Task prompt: Print only the lines below, from the very first to the one containing "Бесплатные междугородные телефонные", exactly as they stand. Do not print pictures.

Raw data section start

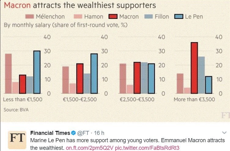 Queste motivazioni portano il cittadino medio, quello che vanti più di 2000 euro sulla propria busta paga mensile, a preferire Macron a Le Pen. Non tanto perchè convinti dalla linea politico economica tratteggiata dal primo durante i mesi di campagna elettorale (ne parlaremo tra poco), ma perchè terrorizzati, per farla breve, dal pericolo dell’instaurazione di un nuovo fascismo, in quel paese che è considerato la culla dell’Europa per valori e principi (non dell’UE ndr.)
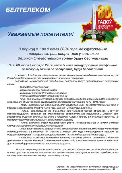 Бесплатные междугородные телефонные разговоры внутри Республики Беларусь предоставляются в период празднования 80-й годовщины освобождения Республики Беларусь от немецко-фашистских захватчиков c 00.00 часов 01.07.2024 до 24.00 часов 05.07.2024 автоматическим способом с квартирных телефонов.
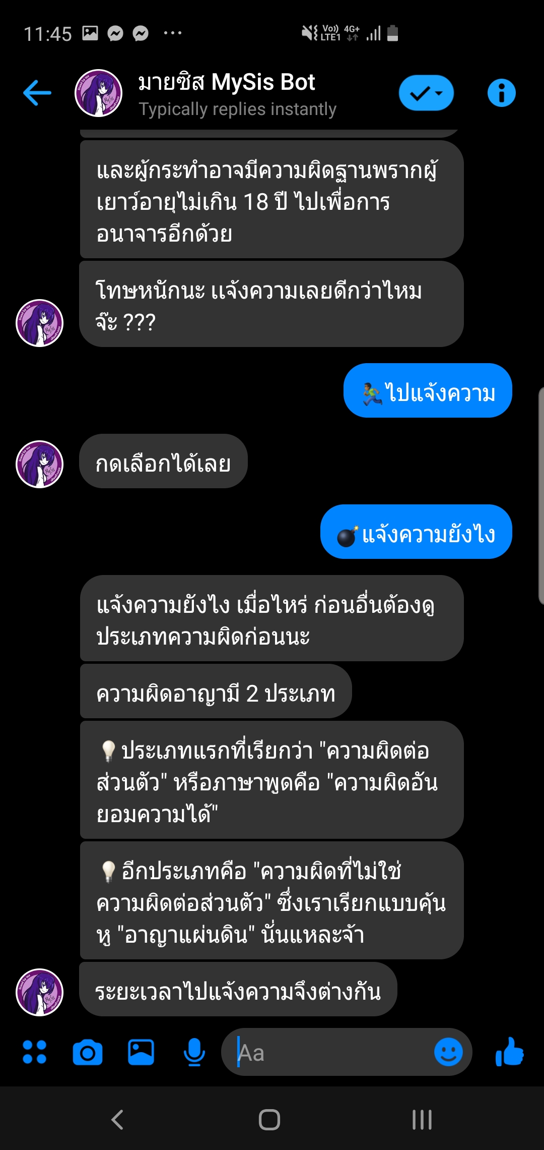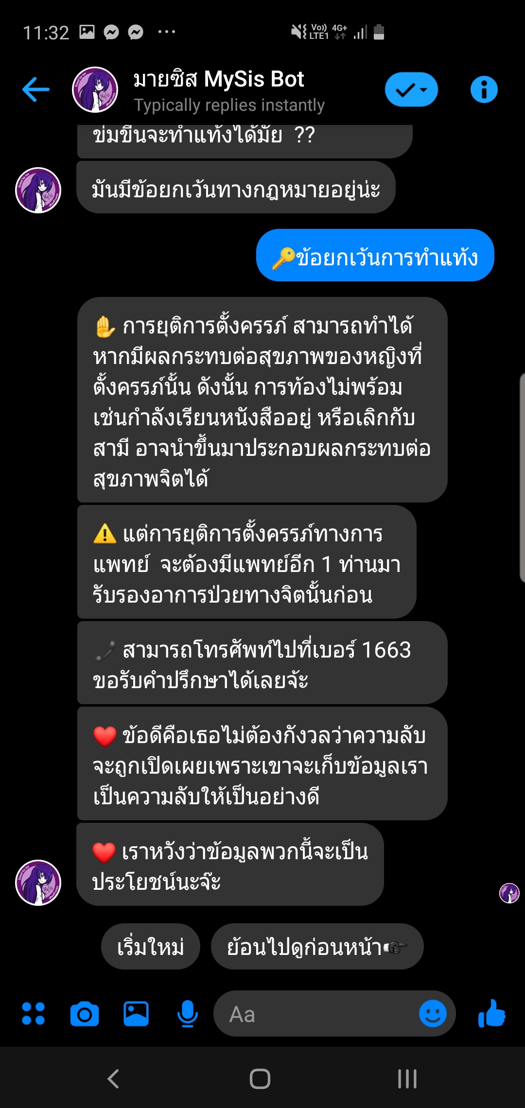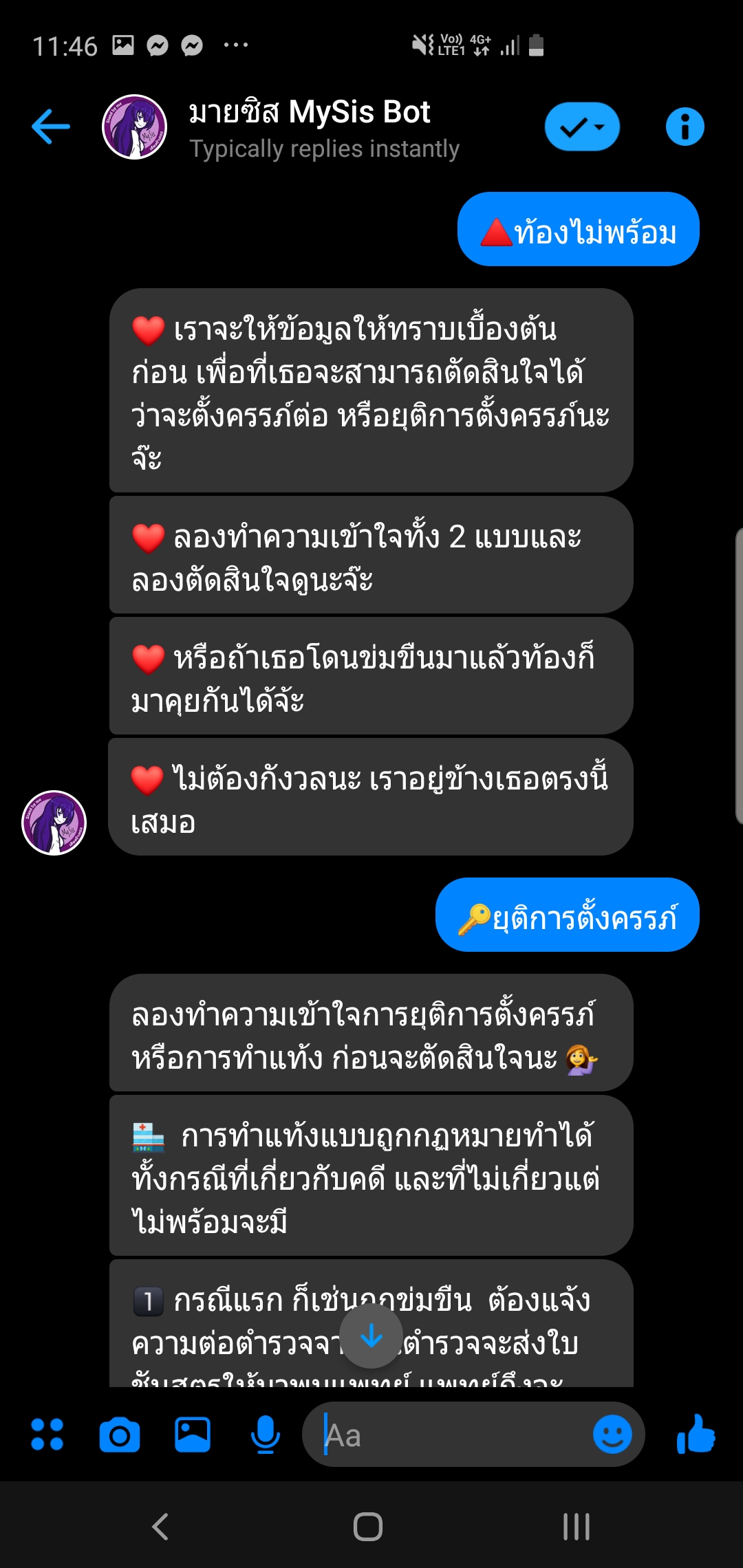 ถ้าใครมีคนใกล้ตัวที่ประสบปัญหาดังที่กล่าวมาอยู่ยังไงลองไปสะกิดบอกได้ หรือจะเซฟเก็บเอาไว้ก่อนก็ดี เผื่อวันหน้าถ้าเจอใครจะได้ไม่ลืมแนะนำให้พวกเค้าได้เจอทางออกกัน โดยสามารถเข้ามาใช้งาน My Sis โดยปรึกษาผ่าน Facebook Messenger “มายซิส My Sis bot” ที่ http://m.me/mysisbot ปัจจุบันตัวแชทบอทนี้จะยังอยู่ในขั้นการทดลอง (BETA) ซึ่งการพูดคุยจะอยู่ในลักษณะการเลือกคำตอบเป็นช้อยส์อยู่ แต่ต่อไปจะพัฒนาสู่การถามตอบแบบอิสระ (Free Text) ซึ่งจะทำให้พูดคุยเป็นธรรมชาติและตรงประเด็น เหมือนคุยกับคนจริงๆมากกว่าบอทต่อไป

Raw data section end

Task result:
 Queste motivazioni portano il cittadino medio, quello che vanti più di 2000 euro sulla propria busta paga mensile, a preferire Macron a Le Pen. Non tanto perchè convinti dalla linea politico economica tratteggiata dal primo durante i mesi di campagna elettorale (ne parlaremo tra poco), ma perchè terrorizzati, per farla breve, dal pericolo dell’instaurazione di un nuovo fascismo, in quel paese che è considerato la culla dell’Europa per valori e principi (non dell’UE ndr.)
 Бесплатные междугородные телефонные разговоры внутри Республики Беларусь предоставляются в период празднования 80-й годовщины освобождения Республики Беларусь от немецко-фашистских захватчиков c 00.00 часов 01.07.2024 до 24.00 часов 05.07.2024 автоматическим способом с квартирных телефонов.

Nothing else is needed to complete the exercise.